I need a camper that allows both headroom and floor space for my PT exercises. After looking at a lot of things and nearly buying a FWC, I settled on an Ovrlnd poptop on a ‘21 Tundra, largely for the immense headroom and full use of the 6.5’ truck bed, plus the ability to make it what I want inside. Plus I know and trust Toyotas


I had real qualms about my back handling the popping up, as well as the physical nature of the the build out, but minor issues aside I’ve been fine and the work and movement has actually helped strengthen my back. My wife does travel with me and it helps, but I can still pop it up and down myself — the top is very light. Much moreso than a FWC, which really screwed me up when I tried one.

I’m 6’3” and can stretch my arms over my head with my elbows bent at 90° when its popped up. I can sit up straight in bed and the pullout bed is 65”x81”. The Ovrlnds are semi-custom and I opted for 2” additional height for a total of 10” in the cabover closed.

I realize you may not want as minimalist solution as this, but I mention all this to say there ARE other solutions that can accommodate your physical space needs, especially if you’re traveling with a companion.
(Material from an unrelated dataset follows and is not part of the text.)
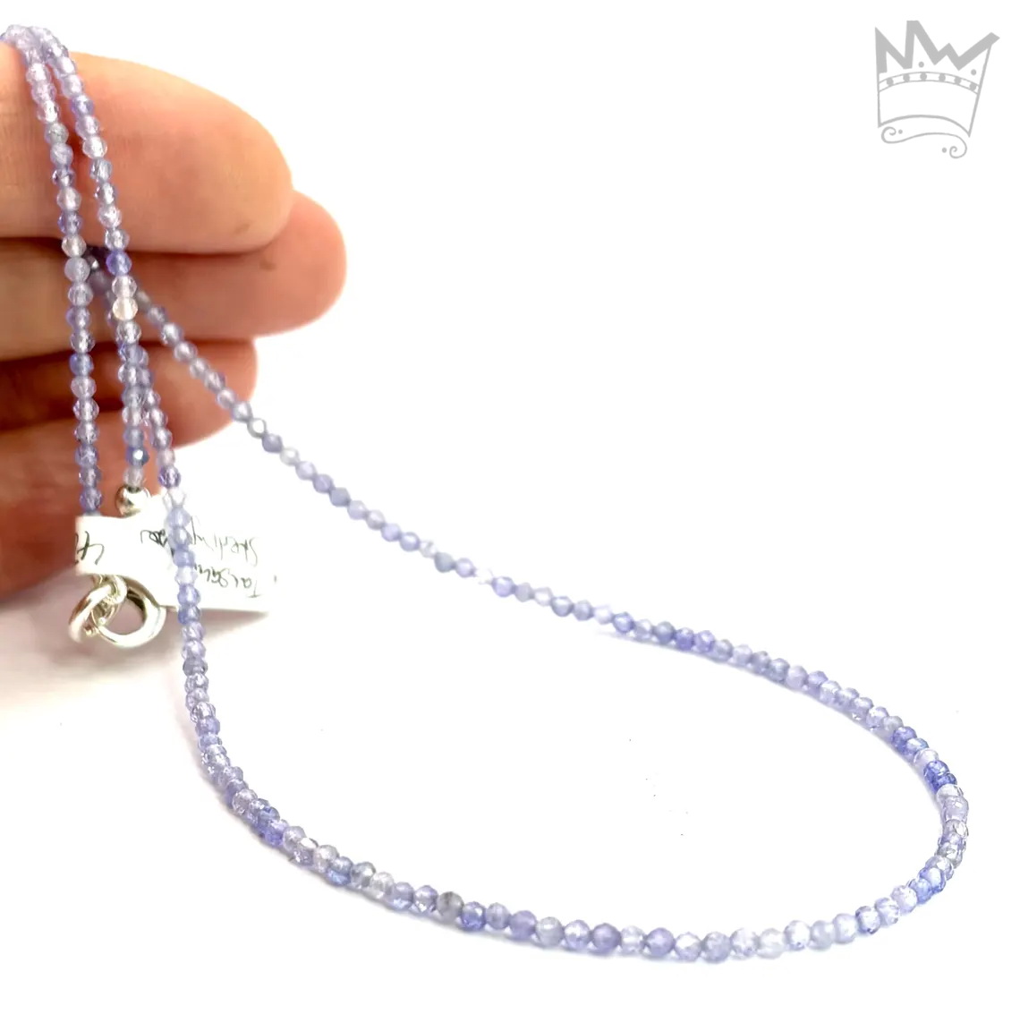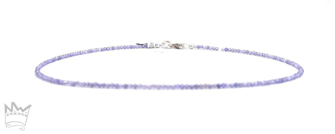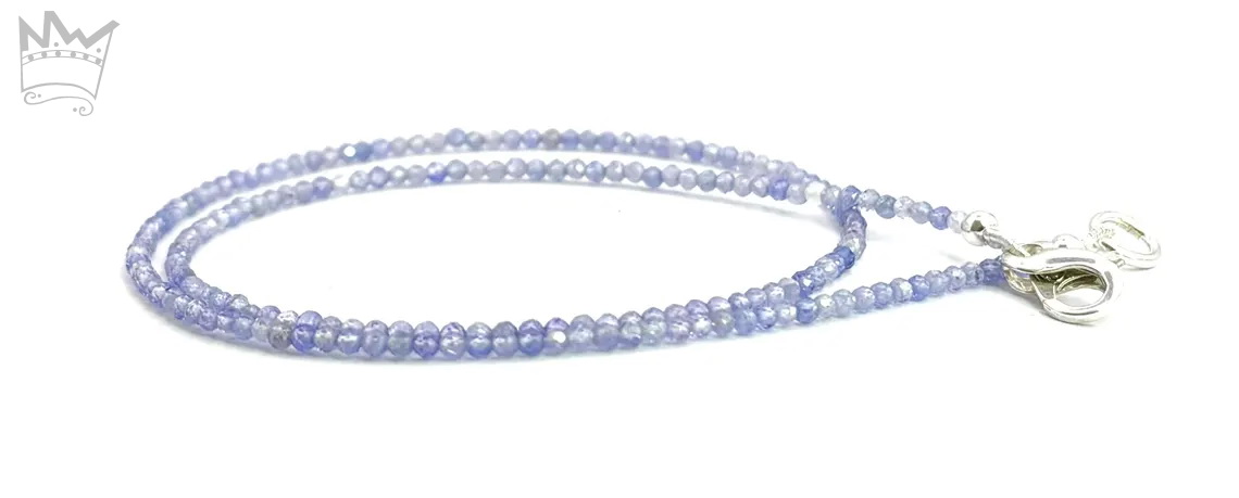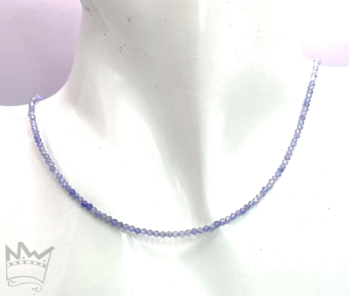 Eine feine Tansanitkette aus facettierten, runden Tansanitkugeln. Die feinen, zarten Farbnuancen des schönen Tansanitblau sorgt für eine subtile Lebendigkeit.

There’s a thread here on Ovrlnds with various builds and good info if you want to check this approach out further.
You can see that they can be built out fairly comfortably— moreso than is shown on the website. And Jay, the owner, is a great guy and willing to do interior customization too, up to a point.
Good luck, and I’m happy to answer any questions you might have!
 

gchinsr

Observer
So much has changed now, little flexibility, and issues with balance. There is a lot of work to do, and see how much stronger I can get. Getting in, and out, are big factors. High Top Van, or Truck camper most likely the best option. Will need to rent a few, and see what works best.